##### Data for processing #####

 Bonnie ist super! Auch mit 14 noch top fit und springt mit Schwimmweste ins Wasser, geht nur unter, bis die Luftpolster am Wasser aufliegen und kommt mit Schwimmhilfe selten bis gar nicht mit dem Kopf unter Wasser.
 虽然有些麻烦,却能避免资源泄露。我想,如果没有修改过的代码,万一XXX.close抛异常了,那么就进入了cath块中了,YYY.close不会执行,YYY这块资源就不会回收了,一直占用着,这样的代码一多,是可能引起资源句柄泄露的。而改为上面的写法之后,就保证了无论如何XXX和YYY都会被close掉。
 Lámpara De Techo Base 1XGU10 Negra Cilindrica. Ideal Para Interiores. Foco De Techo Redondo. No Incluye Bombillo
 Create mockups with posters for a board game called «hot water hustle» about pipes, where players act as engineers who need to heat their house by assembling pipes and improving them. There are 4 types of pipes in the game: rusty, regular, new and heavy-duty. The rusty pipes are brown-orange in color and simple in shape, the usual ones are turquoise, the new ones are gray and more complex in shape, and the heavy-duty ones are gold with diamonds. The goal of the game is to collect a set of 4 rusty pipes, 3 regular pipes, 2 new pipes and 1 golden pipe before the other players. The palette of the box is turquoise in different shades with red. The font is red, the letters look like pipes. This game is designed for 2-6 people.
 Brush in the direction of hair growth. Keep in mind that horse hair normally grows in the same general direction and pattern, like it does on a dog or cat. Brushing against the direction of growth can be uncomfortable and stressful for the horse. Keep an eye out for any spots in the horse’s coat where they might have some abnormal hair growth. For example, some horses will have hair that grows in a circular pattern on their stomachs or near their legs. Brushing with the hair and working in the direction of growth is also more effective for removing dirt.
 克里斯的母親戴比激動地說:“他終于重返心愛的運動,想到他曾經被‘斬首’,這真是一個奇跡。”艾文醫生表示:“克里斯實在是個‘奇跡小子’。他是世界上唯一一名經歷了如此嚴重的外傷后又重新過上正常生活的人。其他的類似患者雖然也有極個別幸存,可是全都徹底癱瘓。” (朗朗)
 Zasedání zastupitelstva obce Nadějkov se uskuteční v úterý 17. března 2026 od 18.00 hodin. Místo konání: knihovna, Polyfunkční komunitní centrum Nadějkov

#####

» **Task instructions**
Note each line of the material holding "with" and copy it out.

» **Reply to the exercise**
 Create mockups with posters for a board game called «hot water hustle» about pipes, where players act as engineers who need to heat their house by assembling pipes and improving them. There are 4 types of pipes in the game: rusty, regular, new and heavy-duty. The rusty pipes are brown-orange in color and simple in shape, the usual ones are turquoise, the new ones are gray and more complex in shape, and the heavy-duty ones are gold with diamonds. The goal of the game is to collect a set of 4 rusty pipes, 3 regular pipes, 2 new pipes and 1 golden pipe before the other players. The palette of the box is turquoise in different shades with red. The font is red, the letters look like pipes. This game is designed for 2-6 people.
 Brush in the direction of hair growth. Keep in mind that horse hair normally grows in the same general direction and pattern, like it does on a dog or cat. Brushing against the direction of growth can be uncomfortable and stressful for the horse. Keep an eye out for any spots in the horse’s coat where they might have some abnormal hair growth. For example, some horses will have hair that grows in a circular pattern on their stomachs or near their legs. Brushing with the hair and working in the direction of growth is also more effective for removing dirt.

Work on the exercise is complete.